#### [Your goal]
Go through the listing below and output exactly the line with "1.5ft Variation Comes", the line with "Keep track of", and each line between; omit the rest.
(Material to process begins)
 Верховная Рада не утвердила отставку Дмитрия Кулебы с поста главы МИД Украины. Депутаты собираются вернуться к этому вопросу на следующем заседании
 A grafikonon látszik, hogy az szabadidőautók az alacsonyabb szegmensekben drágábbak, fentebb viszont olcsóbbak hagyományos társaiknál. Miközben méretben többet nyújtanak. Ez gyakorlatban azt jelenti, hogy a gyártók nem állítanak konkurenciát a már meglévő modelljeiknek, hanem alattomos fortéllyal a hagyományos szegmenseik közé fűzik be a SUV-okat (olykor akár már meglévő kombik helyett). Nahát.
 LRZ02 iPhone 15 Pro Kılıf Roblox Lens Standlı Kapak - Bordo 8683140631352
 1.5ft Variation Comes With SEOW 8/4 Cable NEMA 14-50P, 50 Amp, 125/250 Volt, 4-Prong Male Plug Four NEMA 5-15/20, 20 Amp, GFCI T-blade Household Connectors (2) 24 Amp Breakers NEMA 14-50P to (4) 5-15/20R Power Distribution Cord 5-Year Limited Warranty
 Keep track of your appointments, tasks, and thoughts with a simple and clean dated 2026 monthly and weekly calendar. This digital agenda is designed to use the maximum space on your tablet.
(Material to process ends)
(Material to process begins)
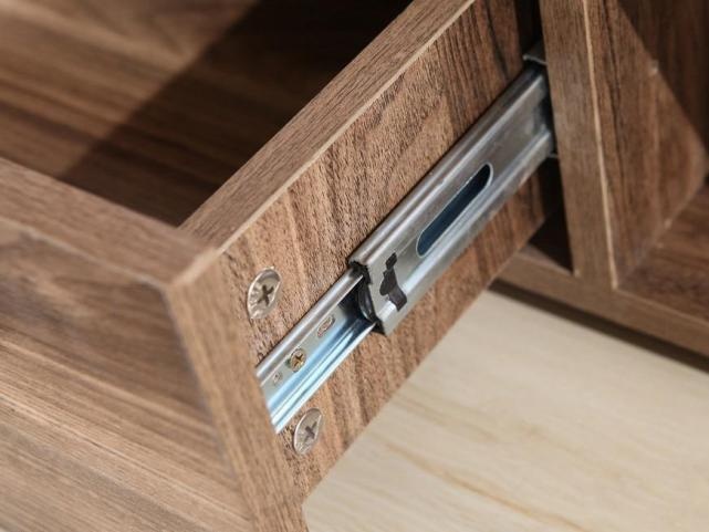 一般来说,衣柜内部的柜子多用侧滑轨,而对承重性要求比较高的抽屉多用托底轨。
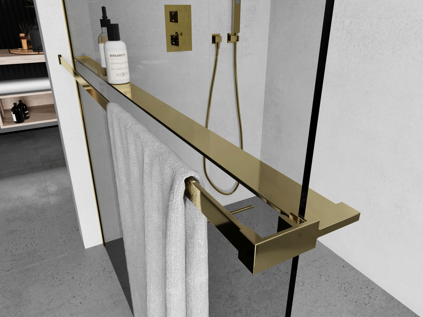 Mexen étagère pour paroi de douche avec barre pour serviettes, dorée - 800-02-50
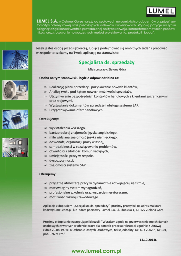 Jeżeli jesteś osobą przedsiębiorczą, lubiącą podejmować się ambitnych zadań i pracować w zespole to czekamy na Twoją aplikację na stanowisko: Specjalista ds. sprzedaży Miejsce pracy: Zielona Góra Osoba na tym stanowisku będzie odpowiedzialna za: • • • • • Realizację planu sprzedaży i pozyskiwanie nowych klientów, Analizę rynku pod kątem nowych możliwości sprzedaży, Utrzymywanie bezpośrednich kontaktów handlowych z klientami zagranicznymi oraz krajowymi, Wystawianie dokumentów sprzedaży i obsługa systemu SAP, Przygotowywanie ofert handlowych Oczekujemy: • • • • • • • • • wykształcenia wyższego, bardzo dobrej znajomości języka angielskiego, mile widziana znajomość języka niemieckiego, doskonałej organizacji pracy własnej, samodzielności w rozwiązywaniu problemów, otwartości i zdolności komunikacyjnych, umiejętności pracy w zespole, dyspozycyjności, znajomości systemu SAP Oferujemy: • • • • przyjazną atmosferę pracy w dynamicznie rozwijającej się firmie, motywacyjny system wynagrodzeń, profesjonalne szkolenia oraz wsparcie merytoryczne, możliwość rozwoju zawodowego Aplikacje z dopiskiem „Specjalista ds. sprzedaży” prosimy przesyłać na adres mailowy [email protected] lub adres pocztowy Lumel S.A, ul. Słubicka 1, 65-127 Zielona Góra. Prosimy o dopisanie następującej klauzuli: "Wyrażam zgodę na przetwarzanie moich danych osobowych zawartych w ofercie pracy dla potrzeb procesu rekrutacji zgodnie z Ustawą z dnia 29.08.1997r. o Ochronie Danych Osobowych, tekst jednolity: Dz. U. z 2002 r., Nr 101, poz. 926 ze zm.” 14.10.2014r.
(Material to process ends)
#### [Reply to the exercise]
 1.5ft Variation Comes With SEOW 8/4 Cable NEMA 14-50P, 50 Amp, 125/250 Volt, 4-Prong Male Plug Four NEMA 5-15/20, 20 Amp, GFCI T-blade Household Connectors (2) 24 Amp Breakers NEMA 14-50P to (4) 5-15/20R Power Distribution Cord 5-Year Limited Warranty
 Keep track of your appointments, tasks, and thoughts with a simple and clean dated 2026 monthly and weekly calendar. This digital agenda is designed to use the maximum space on your tablet.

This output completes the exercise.